■ **DATA SHOWN**
--------------------

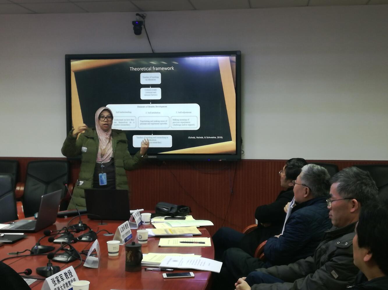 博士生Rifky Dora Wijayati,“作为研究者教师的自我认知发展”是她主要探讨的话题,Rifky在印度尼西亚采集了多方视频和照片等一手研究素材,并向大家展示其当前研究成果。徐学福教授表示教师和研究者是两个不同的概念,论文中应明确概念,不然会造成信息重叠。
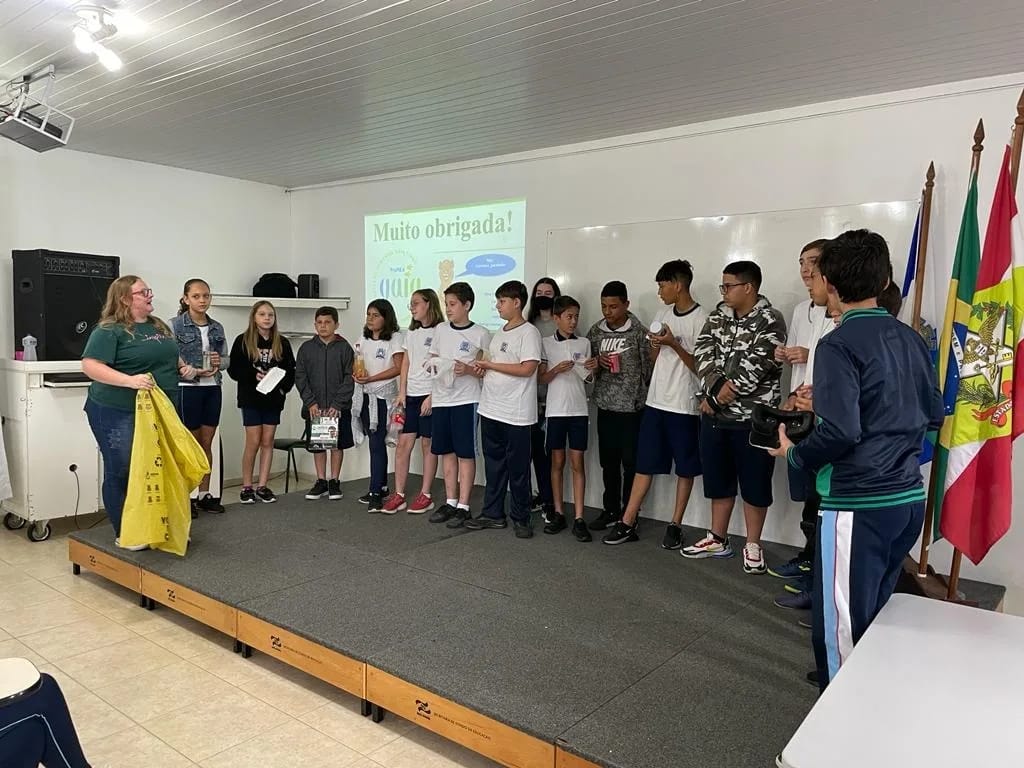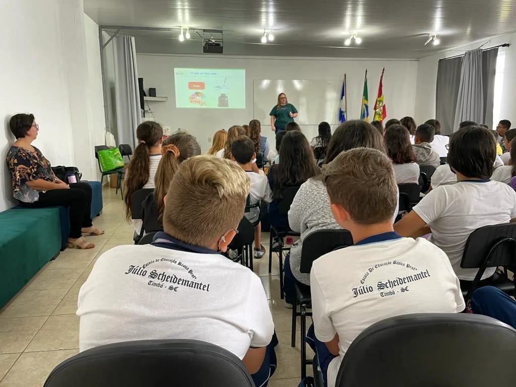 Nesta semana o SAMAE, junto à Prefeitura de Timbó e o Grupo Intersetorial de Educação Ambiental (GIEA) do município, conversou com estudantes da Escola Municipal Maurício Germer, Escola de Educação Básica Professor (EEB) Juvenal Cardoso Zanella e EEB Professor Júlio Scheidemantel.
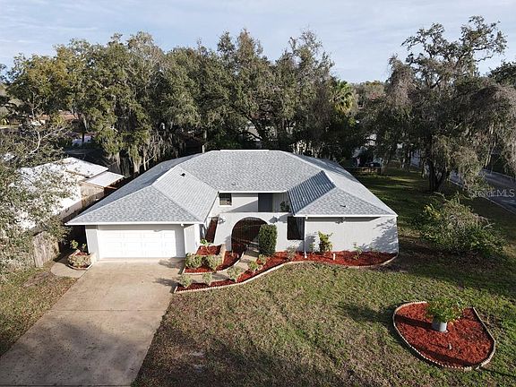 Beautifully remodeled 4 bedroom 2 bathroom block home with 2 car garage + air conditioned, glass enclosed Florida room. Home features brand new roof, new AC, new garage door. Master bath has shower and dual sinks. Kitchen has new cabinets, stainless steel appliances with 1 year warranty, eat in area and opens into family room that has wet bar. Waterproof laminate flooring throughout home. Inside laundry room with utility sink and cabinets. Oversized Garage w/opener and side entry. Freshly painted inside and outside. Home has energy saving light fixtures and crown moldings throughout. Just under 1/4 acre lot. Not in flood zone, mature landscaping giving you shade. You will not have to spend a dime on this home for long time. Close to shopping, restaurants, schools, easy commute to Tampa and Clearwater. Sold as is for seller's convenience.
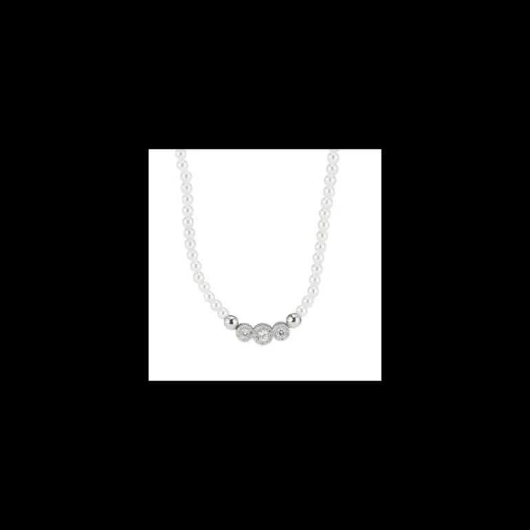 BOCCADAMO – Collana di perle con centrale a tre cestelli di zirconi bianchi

--------------------

■ **ASSIGNMENT**
Would you copy, exactly, each line from the start of the listing above through the line with "Nesta semana o", both ends included, but none of the pictures?

■ **EXERCISE OUTPUT**
 博士生Rifky Dora Wijayati,“作为研究者教师的自我认知发展”是她主要探讨的话题,Rifky在印度尼西亚采集了多方视频和照片等一手研究素材,并向大家展示其当前研究成果。徐学福教授表示教师和研究者是两个不同的概念,论文中应明确概念,不然会造成信息重叠。
 Nesta semana o SAMAE, junto à Prefeitura de Timbó e o Grupo Intersetorial de Educação Ambiental (GIEA) do município, conversou com estudantes da Escola Municipal Maurício Germer, Escola de Educação Básica Professor (EEB) Juvenal Cardoso Zanella e EEB Professor Júlio Scheidemantel.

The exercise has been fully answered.